Mwaaaa ha ha haaaaa...

lime said...

suldog, i only just now read your comment after leaving my own at your place about what a delight it was to meet you and YOUR WIFE!

cocotte, so there was a method to your madness, eh?

jazz, LOL, ok, i adopted the microwave pretty early on.

craig, ah yes, i haven't used the punch cards but i've read of them. as for the scattered doctoral dissertation....YIKES! i can only imagine the heart stopping experience that would be. i can empathize with your wife on the password thing. that does drive me a bit nuts too. I discovered that eddie vid right after i fixed a printer issue and had half a ream of paper shot at me at high velocity.

furiousBall said...

whoa... what a hot Borg

lime said...

craver, go ahead and snort...yes, i am one of those weirdos and just to let you know...my family refers to my online pals as "freaks in the box," which is a term adopted from another FITB i've known a long time.

furiousball, thanks!

Anonymous said...

i gave up my wierdo status last spring...

S said...

My computer thing started when I broke my leg when Hannah was three.

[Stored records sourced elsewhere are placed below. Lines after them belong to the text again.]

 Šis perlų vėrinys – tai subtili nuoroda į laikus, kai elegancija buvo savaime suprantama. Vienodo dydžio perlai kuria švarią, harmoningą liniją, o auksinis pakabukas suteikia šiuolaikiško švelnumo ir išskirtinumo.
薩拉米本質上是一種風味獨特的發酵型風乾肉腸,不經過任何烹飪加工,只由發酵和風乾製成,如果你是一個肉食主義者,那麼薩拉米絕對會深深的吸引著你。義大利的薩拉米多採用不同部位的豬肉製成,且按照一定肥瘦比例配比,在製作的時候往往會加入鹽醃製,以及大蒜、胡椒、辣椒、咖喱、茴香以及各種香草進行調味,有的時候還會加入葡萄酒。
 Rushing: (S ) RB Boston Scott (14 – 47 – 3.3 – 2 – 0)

My dad gave me a very old computer complete with Tetris!
Then I discovered trivia madness and you know the rest.

But, I just ran over to the mirror and looked, and, I dont have those little bumpy things or hair snakes all over my head, and my skin is still pinkish tan, and I dont attach my clothing to my skin with clip things...
I don't know why that hasn't happened to me. There's just one problem, my right hand is permanently curved into mouse formation.

What would cyberspace be without our Lime?

Anonymous said...

Paco closed down on me yesterday, I said 'closed down', so this was a very funny and timely post. Had a good laugh and loved loved loved Eddie. I listen to him sometimes on late night radio but it 'aint the same...you have to watch him to get the jokes.

Craver Vii said...

Oh, but we are not just any run of the mill freaks in any o'l box, but we're your freaks in your blog. And that is enough to keep these freaks happy. :-)

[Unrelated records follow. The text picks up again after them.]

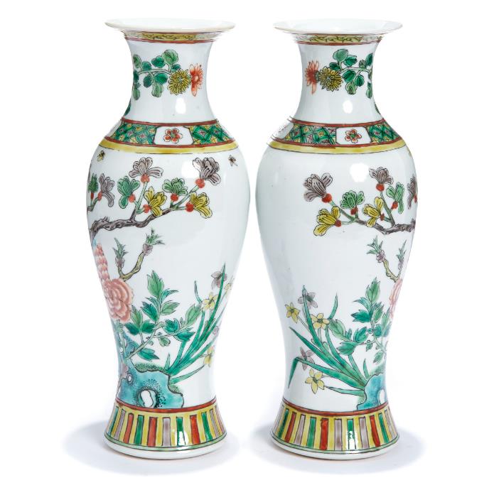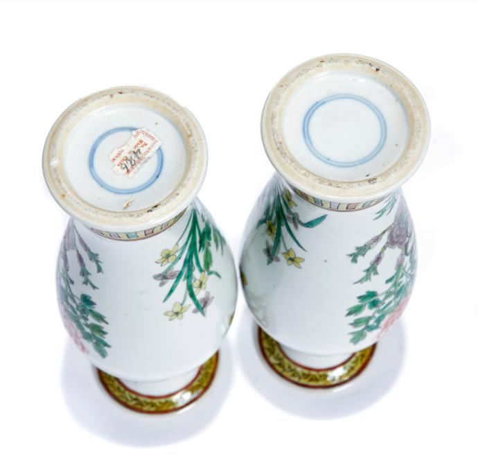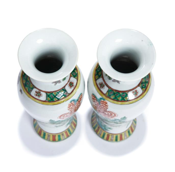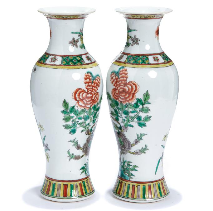 Height 30 cm A couple. Hand-painted décor in familiar verte-enamel colours. Depicts motifs of flowers and plants with birds. Double rings in cobalt blue under the bottom. Condition Age-related wear and tear. Minor irregularities, shrinkage cracks and ash/sand residues from production are not described. Hidden cracks or damage may occur on older items.
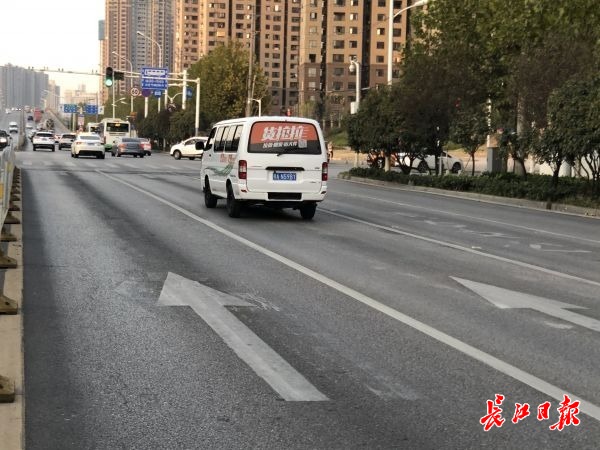 在李莉建议下,古田二路长风路路口的左转车道改为了直行车道。记者杨荣峰 摄
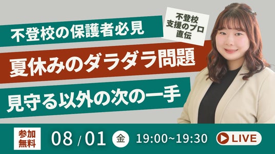 2025年8月1日(金)19:00~19:30、キズキ共育塾(※)は「夏休みにダラダラ過ごす不登校のお子さん」について悩む保護者様を対象に、無料のオンラインイベントを開催します。
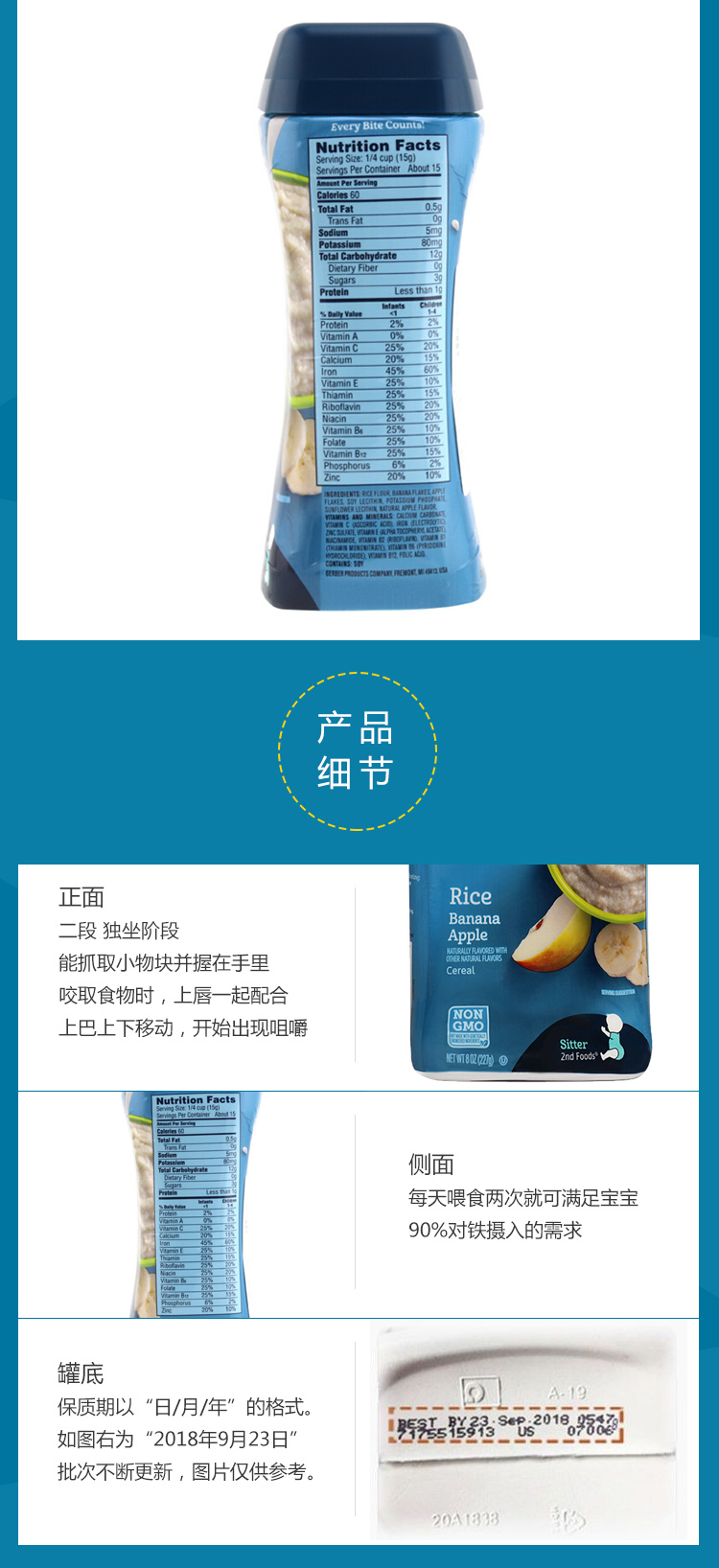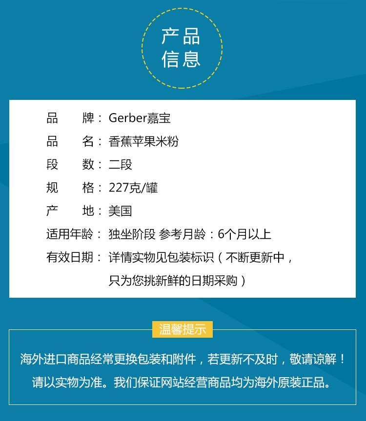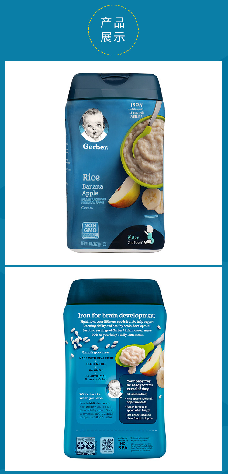【2罐/组】美国嘉宝gerber米粉2段香蕉苹果227g
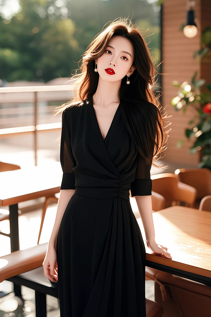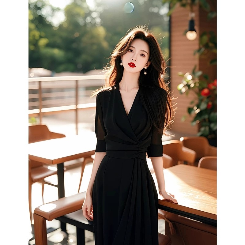 가벼운 럭셔리 하이 엔드 스타일 통근 주름 허리 슬리밍 헵번 스타일 작은 블랙 원피스 프랑스 스타일 블랙 원피스 여성 여름
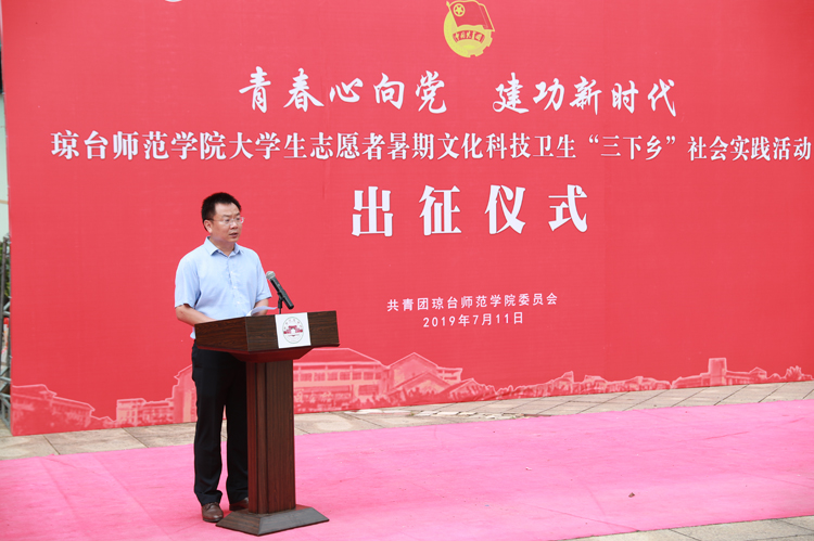 仪式上,学生处处长兼团委书记柳善文介绍了我校2019年暑期社会实践活动组织筹备情况,并对实践团队接下来开展的工作进行了详细部署。校团委副书记李赞宗宣读琼台师范学院2019年大学生暑期社会实践团队立项资助结果。荣获2018年全国大中专学生暑期社会实践“三下乡”活动优秀团队指导教师姚淑女老师以及荣获2018年度海南省暑期社实践优秀个人、2019年暑期社会实践团队负责人中文系钟传旭同学分别代表指导老师和学生发言。
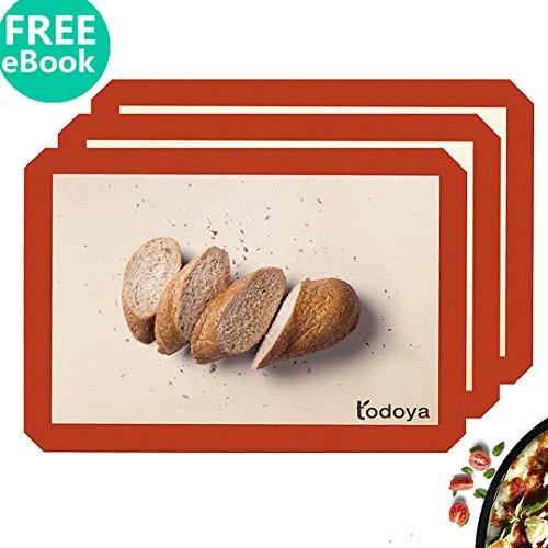 Silicone Baking Mat Non Stick Silicon Liner Set of 3 Half Sheet Size 16 1/2“ x 11 5/8” Mat for Baking Sheets Nonstick Pans and Rolling Macaron Cookie Bread Pizza Pastry Making Professional Grade Safe
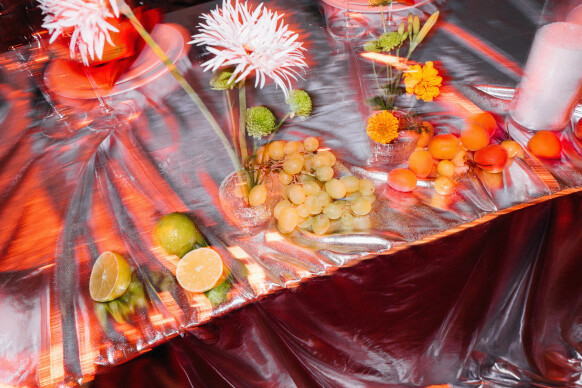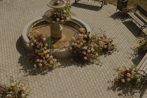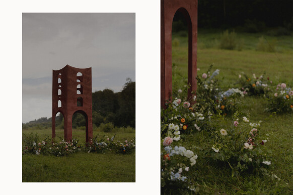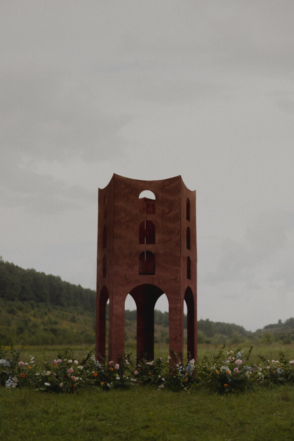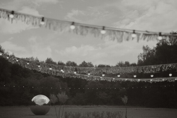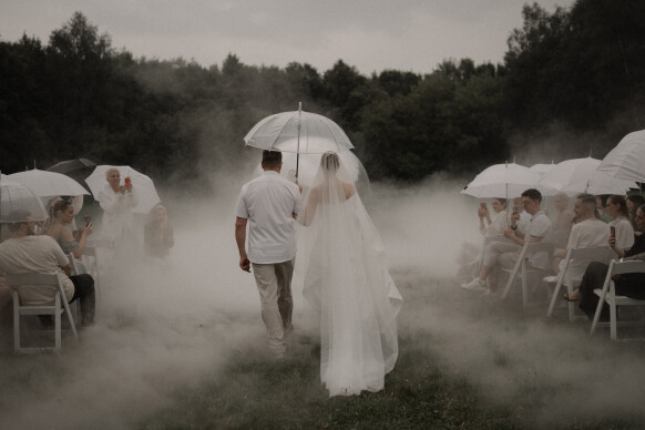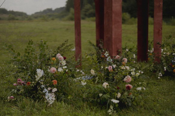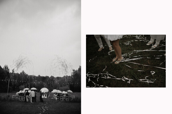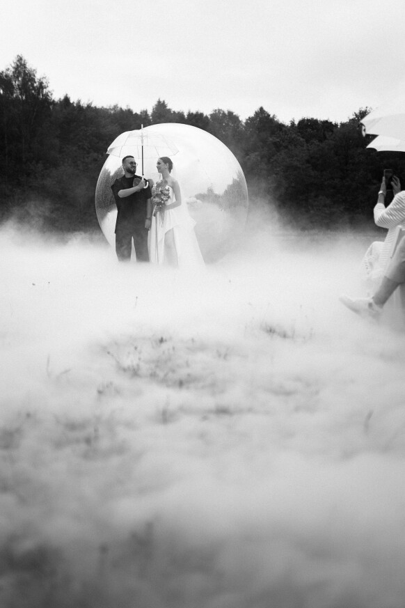 Дождь, которого все боялись, в итоге только добавил волшебства: гости стояли под зонтами, а тяжелый дым стелился по траве, сквозь который пробивались цветы.

secret agent woman said...

I refused to learn to use a computer in college because I didn't see the need. Ha!

for a different kind of girl said...

Lady, that is some far better Photoshopping than I could ever pull off...and I've taken classes. That's right. PLURAL!!

Hilary said...

I resisted it for a while too.. and played trivia in IRC (still do occasionally) and wondered what I could possibly blog about... it seems this is a common thing at which to look back and snort. :)

Commander Zaius said...

All those C prompts and crap looked like abstract things with no bearing on reality...

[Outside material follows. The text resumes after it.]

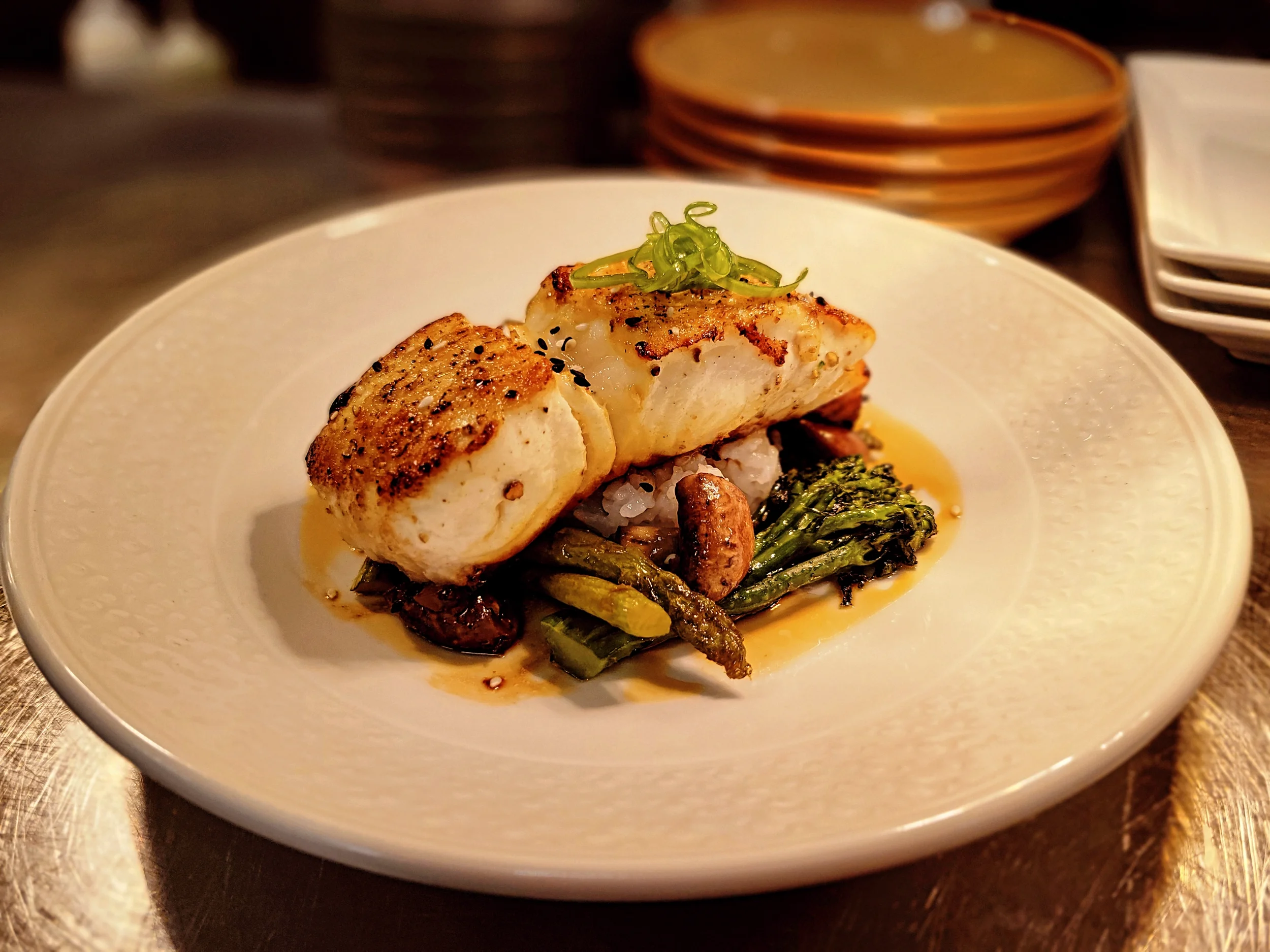 • Fish cooked over live heat

And Bill Gates is still laughing his way to the bank.

Craver Vii said...

Australian etymology. Who'd a thunk?

Cricket said...

Yep. I'm with you. (I believe we're the same age, give or take a month.) I loathed learning Basic and Pascal. Of course, it wasn't that I didn't see the point of computers, I just figured I'd rather wait 'til they could speak English.

Remember all the work it took to write a program that would alphabetize a list? Ugh. I had a feeling that the good stuff was right around the corner. Or at least stuff that didn't demand so much effort from me for so little reward.

I still don't see the point of constant upgrades, though. If it ain't broke....

Logophile said...

FITB!!

:p
As the default technophile in this household my history is somewhat different, but interwoven here and there.

Pretty lady please for top chat?
hee hee
Blogworld has it's challenges but they are somewhat more mannerly, typically.

Unknown said...

Resistance was SO futile.

And, once embraced, hasn't technology been just the passport--to teach and reach people all across the world with your posts?

~Tim said...

FITB - I resemble that remark! Wonderful post and I enjoyed Eddie too.

snowelf said...

I swore I would never blog. NEVER! Why would I put my life on line? Especially my personal private life for God and everyone to see? That sounded ridiculous.

Then, in my safe place where I wrote with my friends about the struggles of single parenting and dating, some uber judgemental religious lady had started chastising single mothers for wanting to get laid.

So I left that board and I read one of the other mom's blogs. And then another. And they made me laugh. And I made some of the best friends ever. And I was hooked ever since.